This demonstrates that gerrymandering can have a deleterious effect on the principle of democratic accountability. With uncompetitive seats/districts reducing the fear that incumbent politicians may lose office, they have less incentive to represent the interests of their constituents, even when those interests conform to majority support for an issue across the electorate as a whole. Incumbent politicians may look out more for their party's interests than for those of their constituents.
Gerrymandering can have an impact on campaign costs for district elections. If districts become increasingly stretched out, candidates must pay increased costs for transportation and trying to develop and present campaign advertising across a district. The incumbent's advantage in securing campaign funds is another benefit of his or her having a gerrymandered secure seat.
Gerrymandering also has significant effects on the representation received by voters in gerrymandered districts. Because gerrymandering is designed to increase the number of wasted votes among the electorate, the relative representation of particular groups can be drastically altered from their actual share of the voting population. This effect can significantly prevent a gerrymandered system from achieving proportional and descriptive representation, as the winners of elections are increasingly determined by who is drawing the districts rather than the preferences of the voters.
Gerrymandering may be advocated to improve representation within the legislature among otherwise underrepresented minority groups by packing them into a single district. This can be controversial, as it may lead to those groups' remaining marginalized in the government as they become confined to a single district. Candidates outside that district no longer need to represent them to win election.
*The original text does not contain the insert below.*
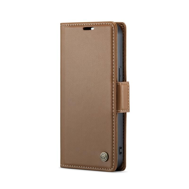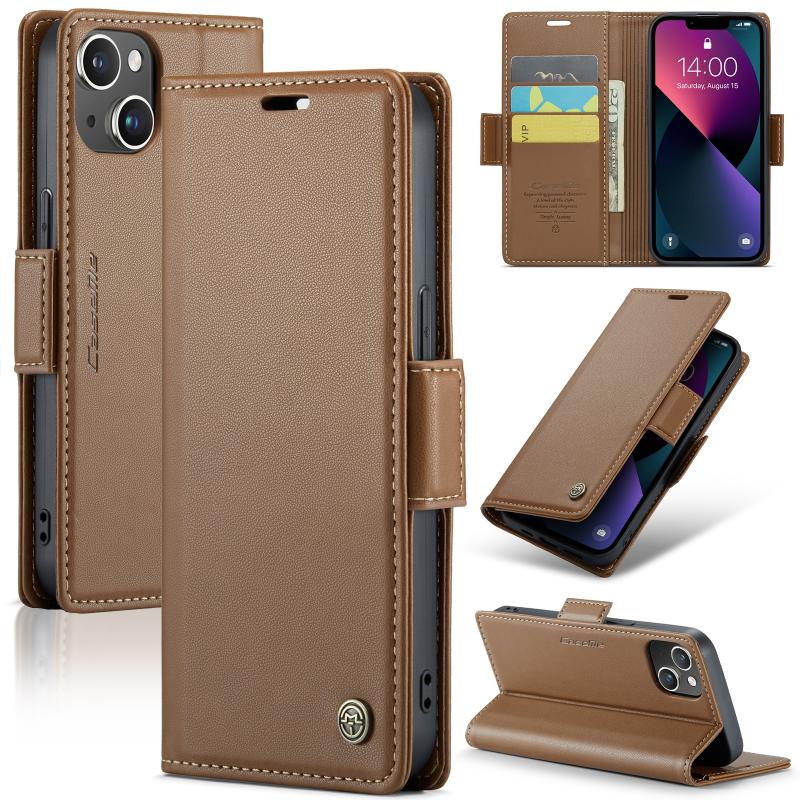 For iPhone 14 Plus CaseMe 023 Butterfly Buckle Litchi Texture RFID Anti-theft Leather Phone Case(Brown) (CaseMe)

As an example, much of the redistricting conducted in the United States in the early 1990s involved the intentional creation of additional "majority-minority" districts where racial minorities such as African Americans were packed into the majority. This "maximization policy" drew support by both the Republican Party (who had limited support among African Americans and could concentrate their power elsewhere) and by minority representatives elected as Democrats from these constituencies, who then had "safe seats."
Gerrymandering can also be done to help incumbents as a whole, effectively turning every district into a packed one and greatly reducing the potential for competitive elections. This is particularly likely to occur when the minority party has significant obstruction power — unable to enact a partisan gerrymander, the legislature instead agrees on ensuring their own mutual reelection.
In an unusual occurrence in 2000, for example, the two dominant parties in the state of California cooperatively redrew both state and Federal legislative districts to preserve the status quo, ensuring the electoral safety of the politicians from unpredictable voting by the electorate. This move proved completely effective, as no State or Federal legislative office changed party in the 2004 election, although 53 congressional, 20 state senate, and 80 state assembly seats were potentially at risk.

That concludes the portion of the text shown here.